DIGITAL PROJECT CONTRACTS REQUIRE A COORDINATOR TO MONITOR ALL ANGLES
A challenging project such as the digital transition undertaken by the National Library Service for the Blind and Physically Handicapped (NLS), Library of Congress, requires multiple levels of expertise in order to succeed. NLS has assembled top talent across technical specialties in addition to its own digital team. With the number of contractors involved in a project of this magnitude, NLS relies on its digital contracts coordinator, Alice Baker, to keep the lines of communication open.
"Building a digital talking-book system requires specific technical and engineering expertise. For that reason, we have contracted various experts in the field of accessible technology to assist in transitioning to a digital collection," says Frank Kurt Cylke, NLS director. "It's important that NLS work closely with contractors to ensure that projects proceed on schedule and meet goals."
Battelle, a leading technology innovation firm, has been contracted to manage the design and development of the digital talking-book player and media. Battelle has subcontracted with HumanWare, innovators in digital talking-book technology, to support them in designing the DTB player's software as well as coordinating usability tests associated with the digital project. Battelle also turned to the University of Wisconsin's Trace Research and Development Center for their expertise in accessibility issues specific to physically handicapped people. The National Federation of the Blind is another subcontractor involved in user needs and product usability testing. Their expertise in the field of assistive-technology product development has proven very useful in the design process.

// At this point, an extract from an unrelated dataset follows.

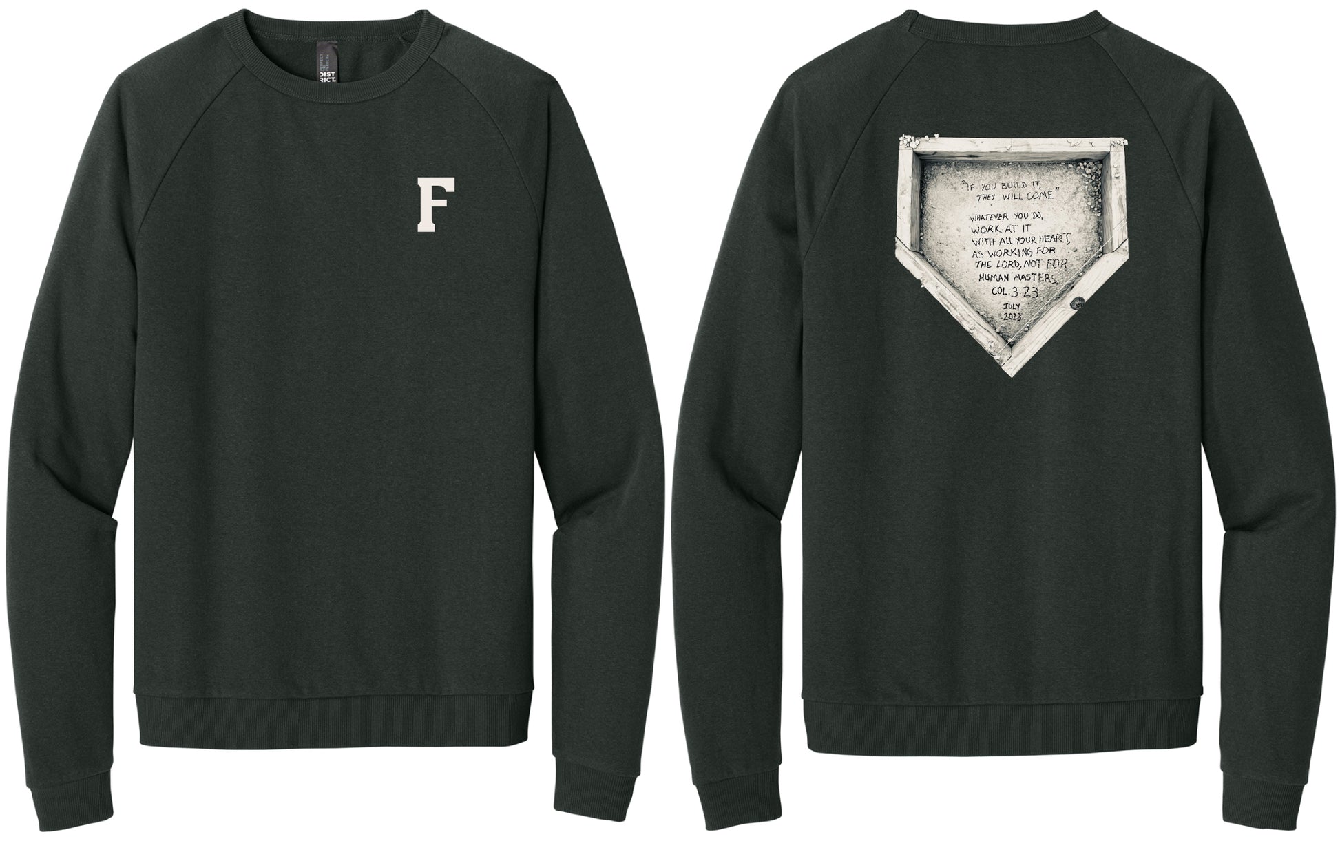 We love this special sweatshirt featuring our scripture carved into the concrete that lies beneath home plate on the Faith Baseball Field!

ManTech Advanced Systems International, another member of the NLS contractor team, has focused on the development of strategic plans related to distributing DTBs. The company conducted a distribution system study examining the best means of circulating digital talking books. The study concluded that a hybrid system of mass production and duplication on demand would work best gradually implemented.
To complement NLS's talented engineering department, NLS summoned Dr. Donald L. Piper out of retirement. As the research and development director at the global, broad-based healthcare company Abbott Laboratories, Piper oversaw the development and production of an innovative glucose monitoring system known as FreeStyle and FreeStyle Flash. Now NLS is relying on his expertise for a variety of technical issues, including how to transition the DTB player from design to mass production.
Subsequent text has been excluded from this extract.